I really enjoyed my time at the Berkman Center/Sunlight Foundation meeting earlier this week, but felt a little out of place. Sunlight’s focus is primarily on transparency in US government, especially on the role of money in Congress. My interest in tools for political transparency tends to be on developing nations, and while some of the tools built for one environment work in another environment, a lot of the projects described during the Sunlight conference won’t translate easily into a developing world environment.
I used my (brief) lunchtime talk to try to get some of the attendees focused on the way political activists in the US and the developing world could learn from one another. I tried to make the point that this learning needed to be symetrical – it’s a mistake to assume that American activists will always be teaching developing world activists to use tools developed for the US, and it’s a missed opportunity for US activists not to learn from activists in developing nations.
I outlined four projects that I take inspiration from:
– Bahrani activists using Google Maps to document land use. An anonymous Bahrani activist created a set of maps, distributed by PDF, which highlighted cramped urban neighborhoods and contrasted their size to palaces built for members of the ruling family. The fact that Bahrain responded by (briefly) blocking access to Google Maps suggests that the government found the document troubling and wanted to prevent other activists from doing similar sorts of GIS-based protest.
– Sami Ben Gharbia‘s Tunisian prison map. By plotting the location of documented and secret prisons on a Google Map, Sami offers a powerful graphic representation of the reach of a repressive government, linking to information and video about the dissidents held at these sites.

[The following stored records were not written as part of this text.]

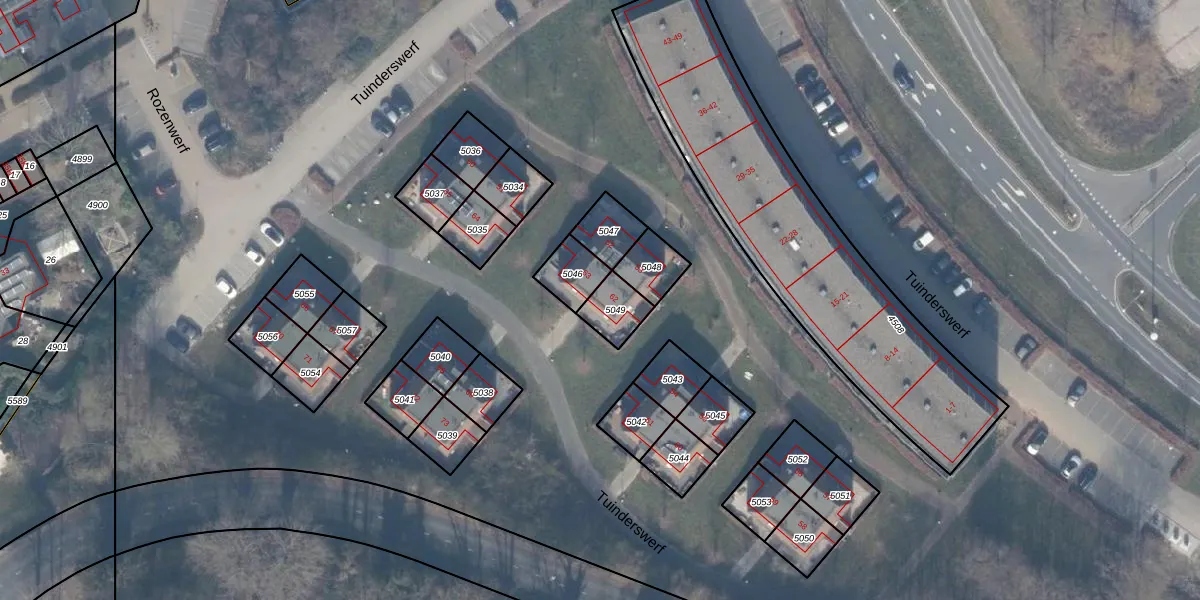 Het perceel waarop Tuinderswerf 62 staat heeft een oppervlakte van 87 m². Dit is een klein perceel. De perceeloppervlakte wordt geregistreerd door het Kadaster. Gedetailleerde informatie over de maten van dit perceel kunt u vinden in het rapport Kadastrale kaart met maatvoering van Tuinderswerf 62.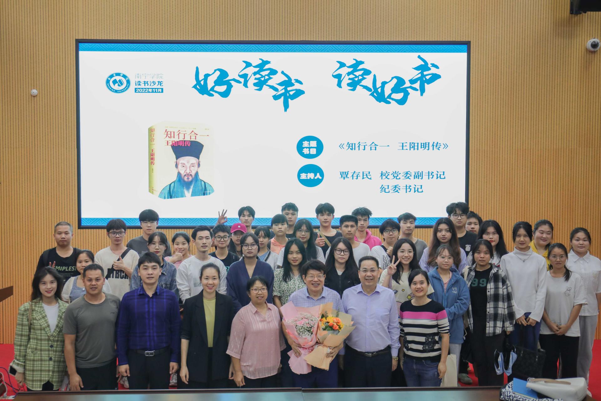 王阳明先生,心学集大成者,他的思想对后世影响甚深。为持续推进校园文化建设,11月22日,Beat365中文官方网站2022年《知行合一王阳明传》师生共读沙龙活动在敷文园A108顺利开展,活动由党委副书记、纪委书记覃存民主持,与在场的161位师生分享王阳明思想的人生启示。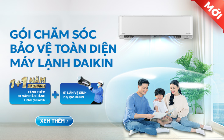 Lần đầu tiên, Daikin ra mắt “Gói chăm sóc bảo vệ toàn diện máy điều hòa” - giải pháp hoàn hảo giúp bạn an tâm tuyệt đối về chất lượng và tuổi thọ của điều hòa nhà bạn. Với dịch vụ bảo hành chuyên nghiệp, Daikin Vietnam cam kết đồng hành cùng bạn trong suốt quá trình sử dụng.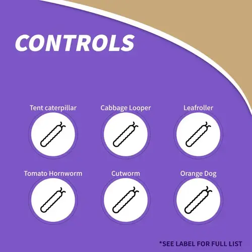 Controls caterpillars, loopers, cabbageworms, hornworms, leaf folders and leaf rollers. One pint treats up to 10,875 sq-ft. Won't harm beneficial insects. Contains BT Kurstaki, a liquid formulation of bacteria.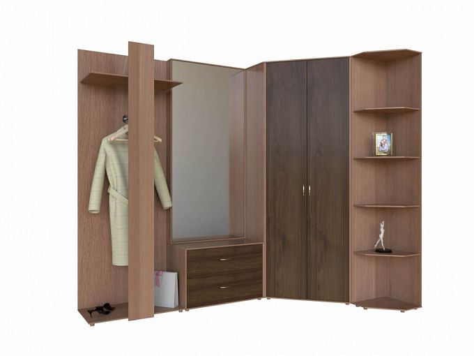 Прихожая Бекас Угловой BMS гармонично сочетает открытые и закрытые глухими фасадами модули. Двухдверный угловой шкаф, тумба с зеркалом, оснащенная полкой и штангой вешалка и скошенный торцевой стеллаж составляют современную композицию для меблировки входной зоны. Древесные тона в отделке смягчают строгую геометрию линий и создают атмосферу уюта и комфорта. Купить прихожую Бекас Угловой BMS, изготовленную по вашим размерам, приглашаем к нам в интернет-магазин.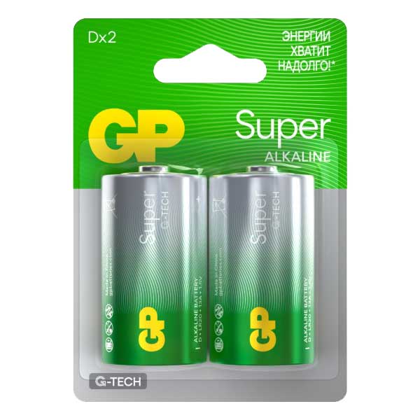 Батарейка GP Super D/LR20/13A алкалин, 13AA21-2CRSBC2, 2шт/уп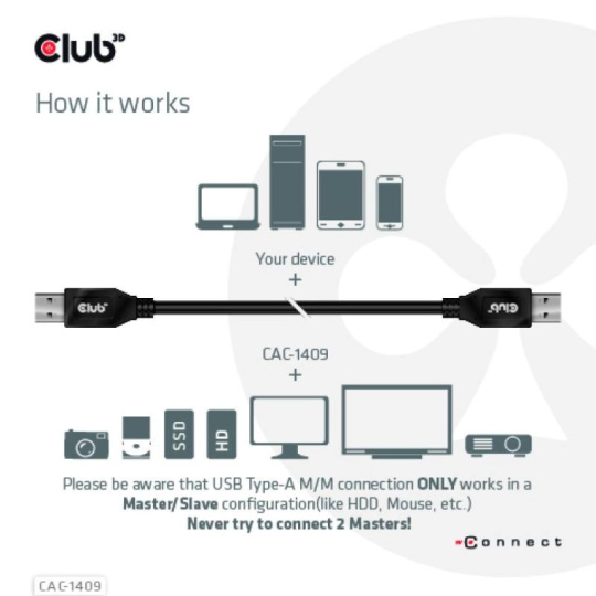 Kábel Club 3D CAC-1409 USB Typ-A Gen2(10G), 3A M/M je USB Typ-A kábel s dĺžkou 0,5 m. Je kompatibilný s USB 3.1 Gen 2 s maximálnou rýchlosťou 10 Gb/s prenosu dát a podporuje až 15W nasledovného nabíjania. Je spätne kompatibilný s nižšími verziami, prosím, majte na pamäti, že špecifikácie budú obmedzené na pripojené zariadenie.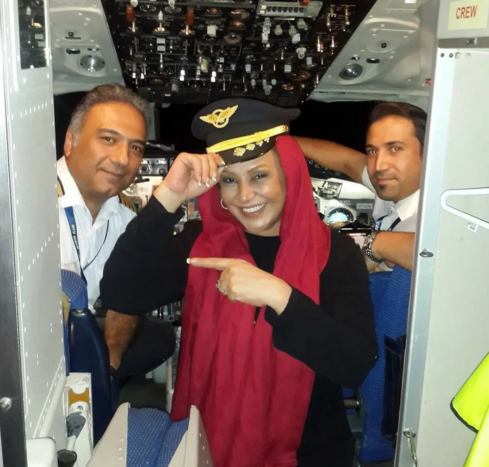 نسرین مقانلو با کلاه خلبانی و در کابین هواپیما؛ سال 95 را ببییند.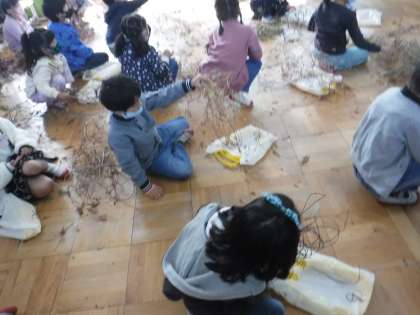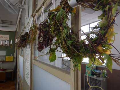 1年生は,5月から育ててきたあさがおのツルを使って,リース作りをしました。ツルを支柱から外したり,丸く巻いていくのに苦戦していましたが,みんな上手に作ることができました。飾りつけをするのが楽しみです。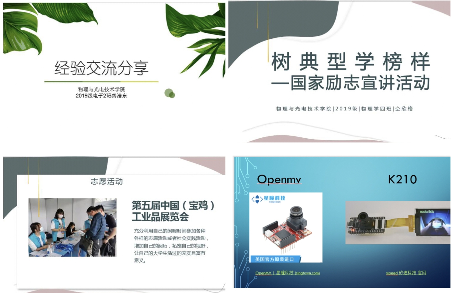 五位同学分别从学习、科研、考研、社会实践等几个方面入手,向大家传授了自己的经验。闫泳琪主要从自身考研经历入手,为大家介绍了考研前期需要做的准备,建议考研同学提前谋划,打好基础;白江蕊从自身专业及学习经验出发,为大家分享自己的学习经验和心得,帮助大家找到自己适合的学习方法;仝欣格分享了自己如何平衡学习与社会实践的时间分配,让老员工活更加丰富多彩;王俊豪以科研竞赛入手为大家展示了自己的竞赛成果以及需要学习的软件知识,鼓励同学们放下畏难情绪,积极跟随老师参与科研或大创项目,为自身加分增色;秦浩东为大家分享了自己担任员工干部的经验,希望大家可以在学习、科研的同时多多参加各项文娱活动,学习同时也要放松自我。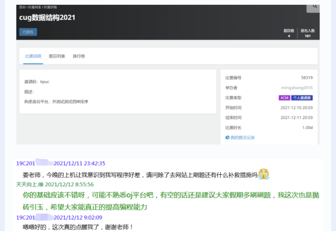 珍惜时光好好学习,掌握知识本领,树立专业报国的价值观,为解决“卡脖子”技术贡献自己的计科力量。十大买球官方网站多年以来一以贯之的坚持做的一件事就是构建专业思政视域下的计科三全育人体系。紧抓育人“指挥棒”,直面育人“新挑战”,做强育人“合力军”,打造学科精神培育网。数据结构课题组的师生一起努力,共同铸造了这颗耸立于计算机科学海洋中的参天大树。在时间的洗礼和技术的涵养下,数据结构教学体系“枝繁叶茂”,在计算机科学的世界中不断精进!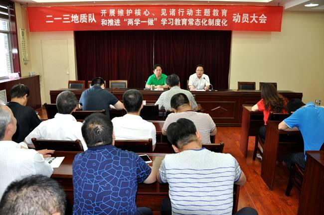 5月25日下午,二一三队在二楼大会议室召开了维护核心、见诸行动主题教育和推进“两学一做”学习教育常态化制度化动员大会,队领导班子成员、各党支部书记、队中层以上干部共60余人参加了大会,会议由队长杜玉河主持。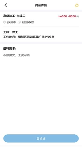 长赋技工是一款专为技工群体打造的优质求职招聘软件,能让技工们的求职过程更便捷、更简单。平台上的工作岗位信息十分详尽且真实,清晰列出了岗位要求、对工人的技术需求、具体工作内容以及岗位福利待遇等各项细节。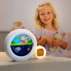 Le Kid’Sleep Moon est un indicateur de lever tout-en-un qui aide l’enfant à savoir si c’est encore l’heure de dormir ou si c’est l’heure de se lever. Si la figurine est illuminée en position de sommeil avec la lune, c’est encore l’heure de dormir. Au matin, lorsque la lune commence à se coucher (durée ajustable), l’enfant sait que c’est bientôt l’heure de se lever ! A l’heure réglée par les parents, le soleil se lève et la figurine passe en position réveillée, l’enfant sait qu’il peut se lever !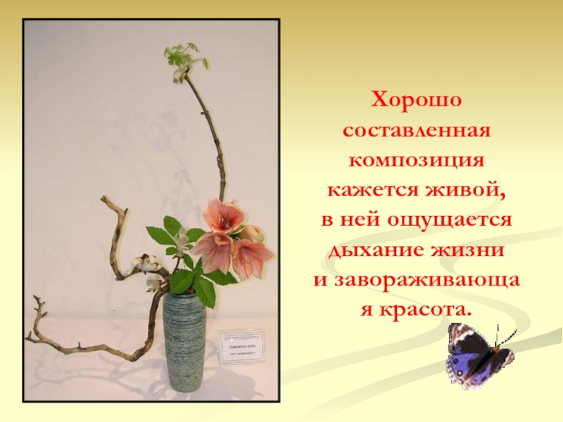 Слайд 14Хорошо составленная композиция кажется живой, в ней ощущается дыхание жизни и завораживающая красота.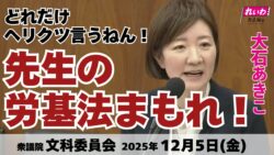 国会報告2025年12月5日【衆議院 文科委員会】どれだけヘリクツ言うねん!先生の労基法まもれ! 2025年12月5日【文科委員会】教員の休憩時間および学習指導要領について松本文科大臣に質問しました。青字でブログ掲載にあたっての補足を記載します。====委員長 次に、大石あきこ君。大石 れいわ新選組、大石あきこです。学校の先生に労基法が... 2025.12.08国会報告文科委員会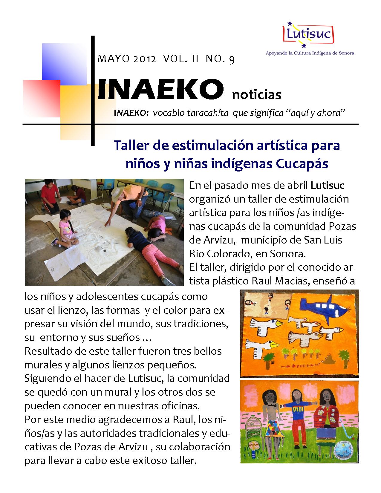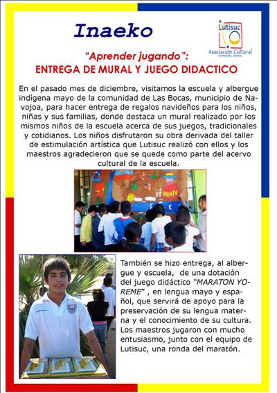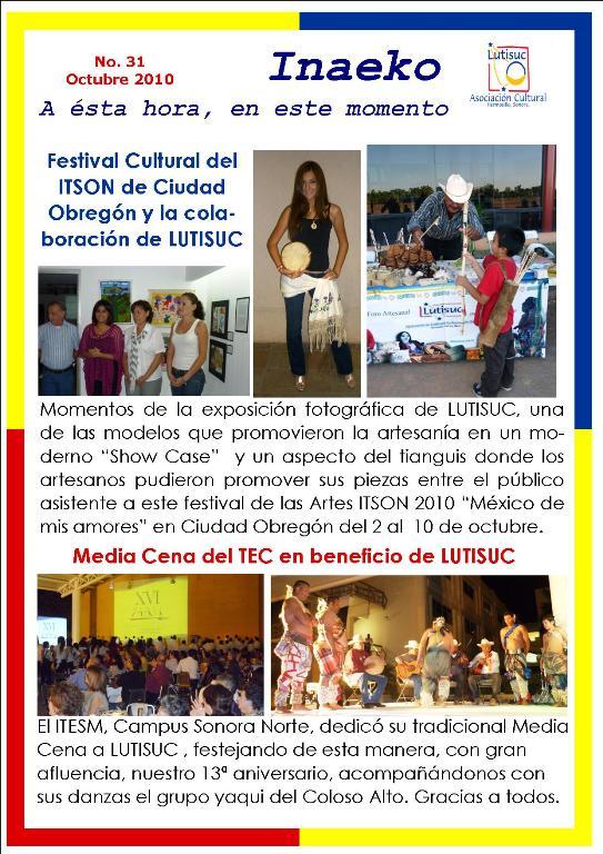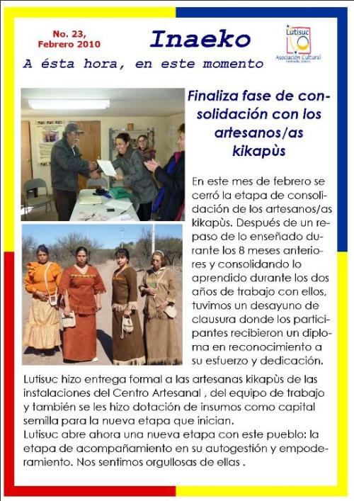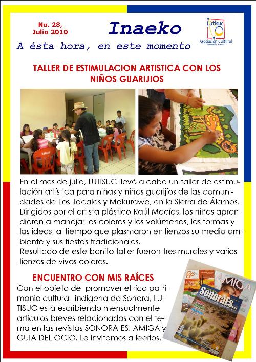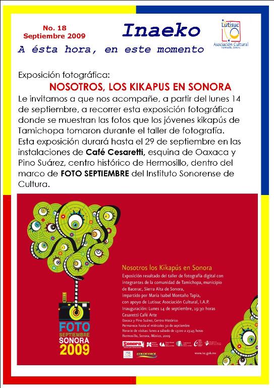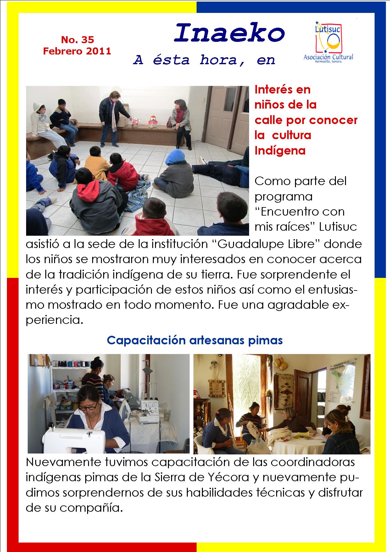 Inaeko “A ésta Hora y en este momento”Con el objeto de dar a conocer periódicamente nuestras actividades, enviamos mensualmente un pequeño boletín al que denominamos con la palabra yaqui Inaeko, que quiere decir “ a esta hora y en este momento” aludiendo a nuestro trabajo más reciente en ese momento. Estos son los boletines enviados desde el primer número en marzo de 2008. |

– Ory Okolloh’s Mzalendo project. Ory mentioned in a comment on one of my posts that she’s interested in the tools outlined here, but that the lack of data in Kenya means that her project to increase transparency around the Kenyan government is dealing with different challenges. I mentioned that Ory’s techniques for getting data about Kenya’s parliament – being given documents from geeks who built the parliamentary website, or from parlimanetary insiders, encouraging bloggers to visit parliament and blog their experiences – should inspire democracy activists in the US.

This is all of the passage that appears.